• Task to complete: Output only the lines that run from the line holding "(kg) | 5,40 | pdf" to the end of the data below, including both ends, without any pictures.

Stored dataset items:
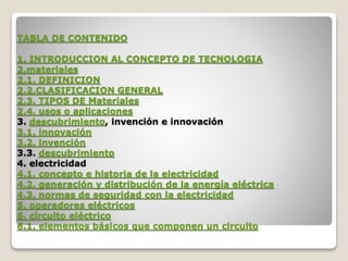Este documento presenta información sobre conceptos de tecnología e incluye secciones sobre materiales, descubrimiento, innovación, electricidad, operadores eléctricos y circuitos eléctricos. Define conceptos como materiales, clasificación de materiales, tipos de materiales, y sus usos. Explica la diferencia entre descubrimiento, innovación e invención. Incluye detalles sobre la historia y generación de electricidad, y normas de seguridad eléctrica. Por último, describe los elementos básicos de un circuito eléctrico
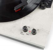 | Produktfarge | Marmor | | Avspillingsalternativer | BT-strømming, Vinyl | | Utgangstilkoblinger | RCA | | Hastighetsinnstillinger (RPM) | 33, 45, 78 | | Utgangseffekt | 100W | | Strømforsyning | 100-240VAC 50/60Hz (12V adapter) | | Dimensjoner (L x B x H) | 361 x 262 x 465 mm | | Vekt (kg) | 5,40 | pdf
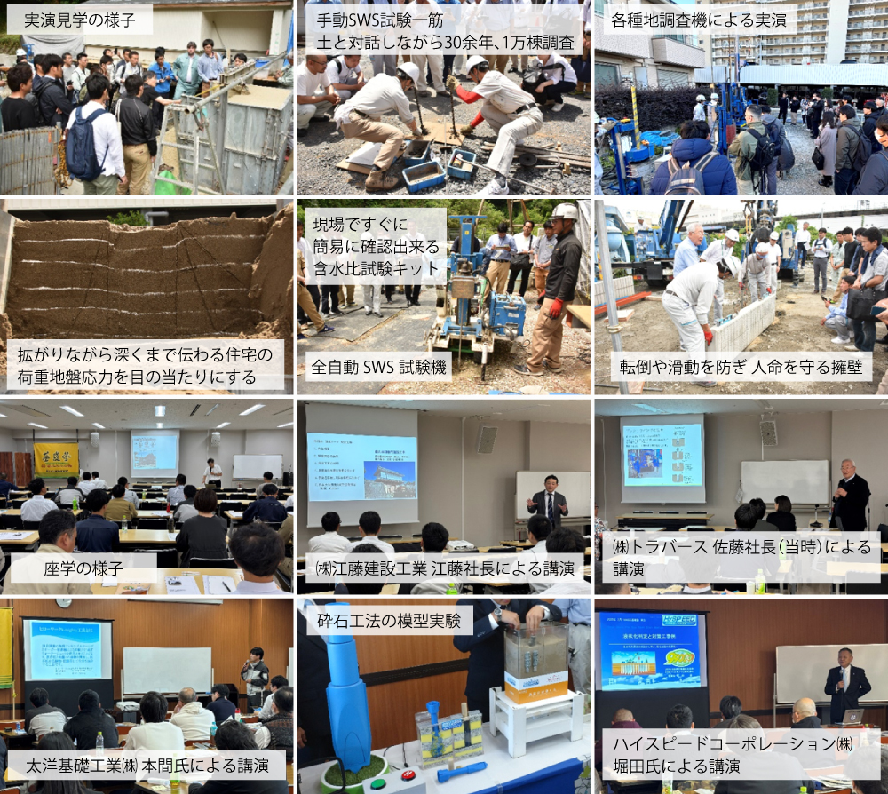 施工実演の有無と施工協力会社 /ゲスト講師/講演テーマ※3実演・大阪(株) WASC基礎地盤研究所、 (株) トラバース 実演・東京:(有) 近藤地質調査所、 (株) トラバース |
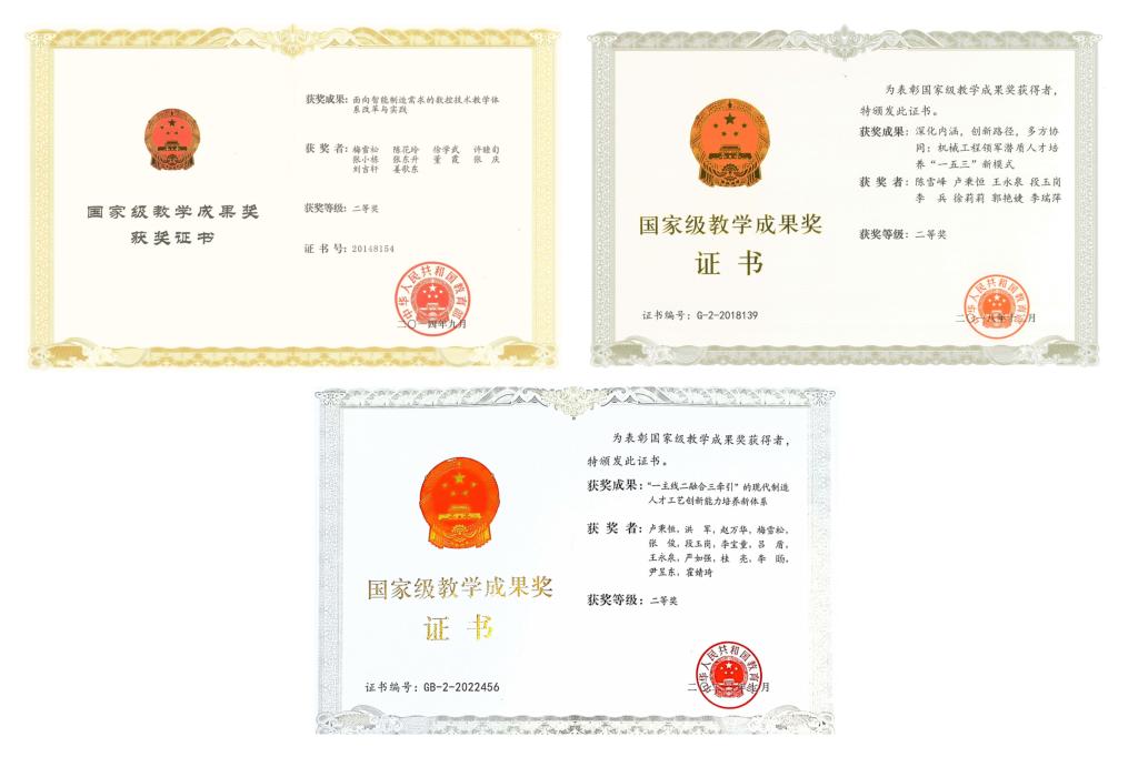 依托国家级实验教学示范中心,持续建设“数智化”智能 制造实践教学平台,建设成果入选 2023 年中国高教学会“校企协同双百计划”优秀案例,并获陕西省教学成果奖。
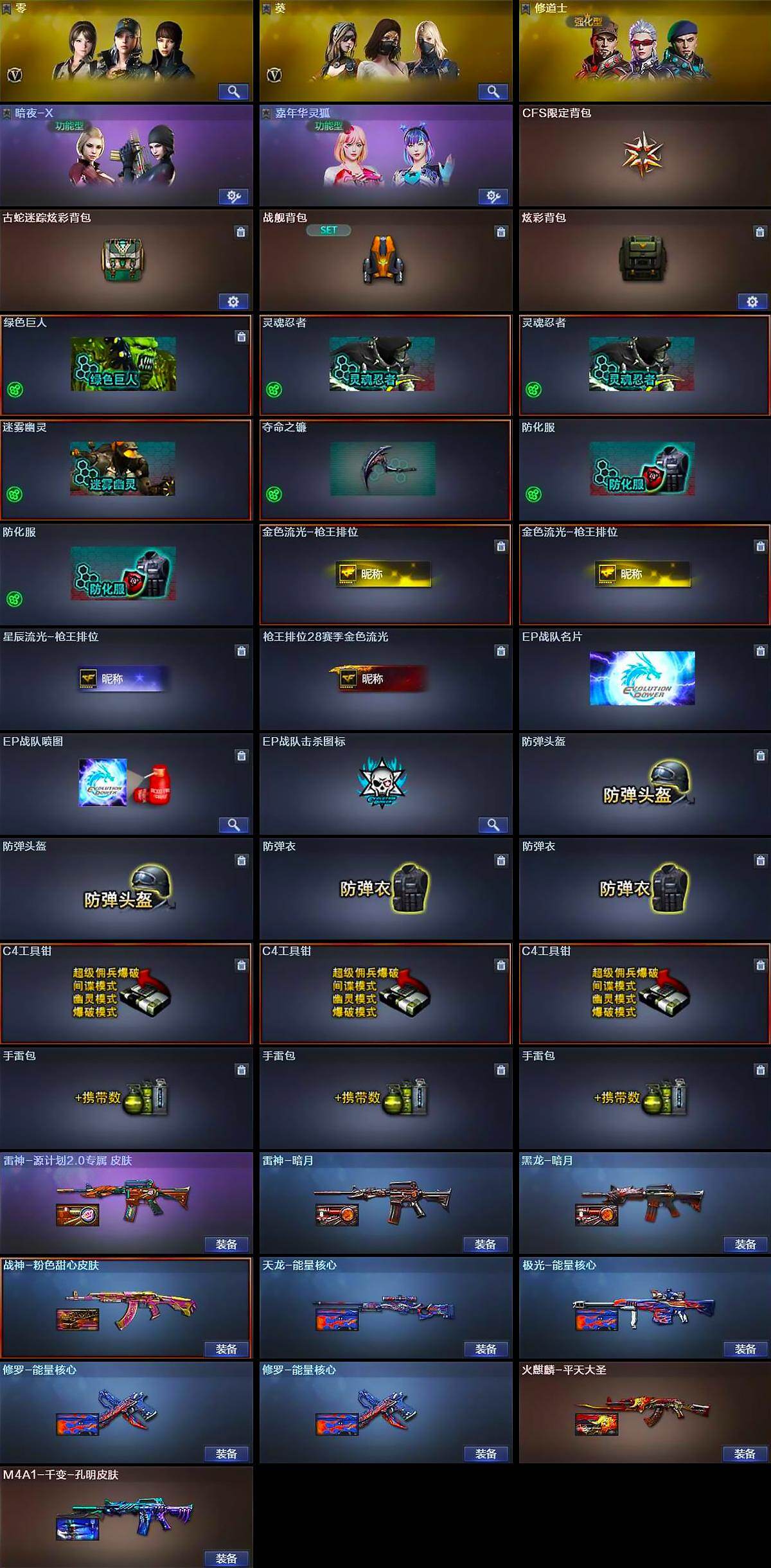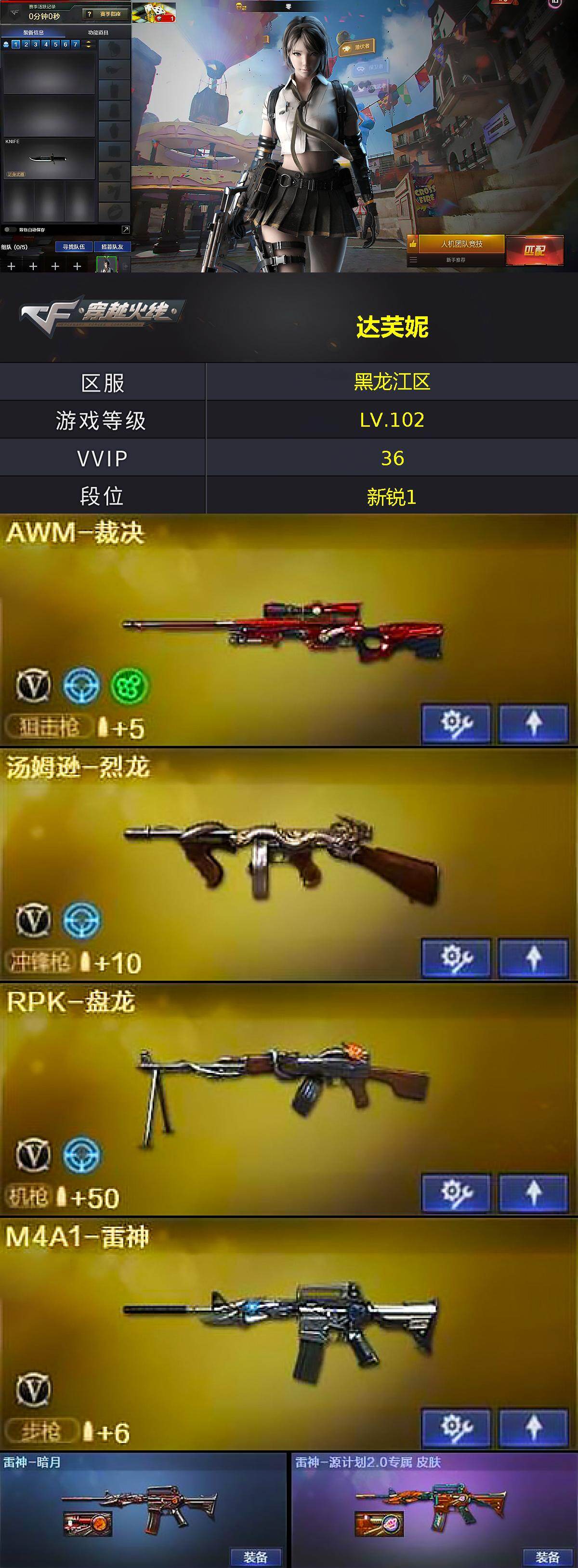 黑龙江区-37v-4王者武器数-0炫金武器数 【热门武器】:死亡之眼,m4a1-黑骑士,汤姆逊-烈龙,rpk-盘龙,加特林-炼狱2,沙鹰-修罗4 【王者炫金武器】:玫瑰精灵-悦动3,炼狱-悦蓝 【皮肤】:雷神-暗月,雷神-源计划2.0专属 皮肤,火麒麟-平天大圣,毁灭-英雄计划 皮肤,m4a1-千变-孔明皮肤,黑龙-暗月,战神-粉色甜心皮肤,天龙-能量核心,极光-能量核心,修罗-能量核心
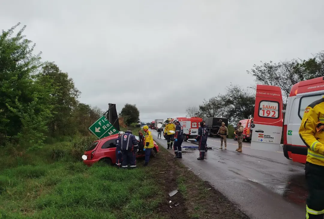 Na manhã desta sexta-feira (5), um grave acidente tirou a vida de duas pessoas na BR-282, no trevo de acesso ao município de Flor do Sertão. A colisão envolveu um GM Celta, com placas de Flor do Sertão, e uma carreta Volvo FH, de Cáceres (MT). O impacto foi tão forte que o carro foi arremessado para fora da pista.

• Output:
 | Produktfarge | Marmor | | Avspillingsalternativer | BT-strømming, Vinyl | | Utgangstilkoblinger | RCA | | Hastighetsinnstillinger (RPM) | 33, 45, 78 | | Utgangseffekt | 100W | | Strømforsyning | 100-240VAC 50/60Hz (12V adapter) | | Dimensjoner (L x B x H) | 361 x 262 x 465 mm | | Vekt (kg) | 5,40 | pdf
 施工実演の有無と施工協力会社 /ゲスト講師/講演テーマ※3実演・大阪(株) WASC基礎地盤研究所、 (株) トラバース 実演・東京:(有) 近藤地質調査所、 (株) トラバース |
 依托国家级实验教学示范中心,持续建设“数智化”智能 制造实践教学平台,建设成果入选 2023 年中国高教学会“校企协同双百计划”优秀案例,并获陕西省教学成果奖。
 黑龙江区-37v-4王者武器数-0炫金武器数 【热门武器】:死亡之眼,m4a1-黑骑士,汤姆逊-烈龙,rpk-盘龙,加特林-炼狱2,沙鹰-修罗4 【王者炫金武器】:玫瑰精灵-悦动3,炼狱-悦蓝 【皮肤】:雷神-暗月,雷神-源计划2.0专属 皮肤,火麒麟-平天大圣,毁灭-英雄计划 皮肤,m4a1-千变-孔明皮肤,黑龙-暗月,战神-粉色甜心皮肤,天龙-能量核心,极光-能量核心,修罗-能量核心
 Na manhã desta sexta-feira (5), um grave acidente tirou a vida de duas pessoas na BR-282, no trevo de acesso ao município de Flor do Sertão. A colisão envolveu um GM Celta, com placas de Flor do Sertão, e uma carreta Volvo FH, de Cáceres (MT). O impacto foi tão forte que o carro foi arremessado para fora da pista.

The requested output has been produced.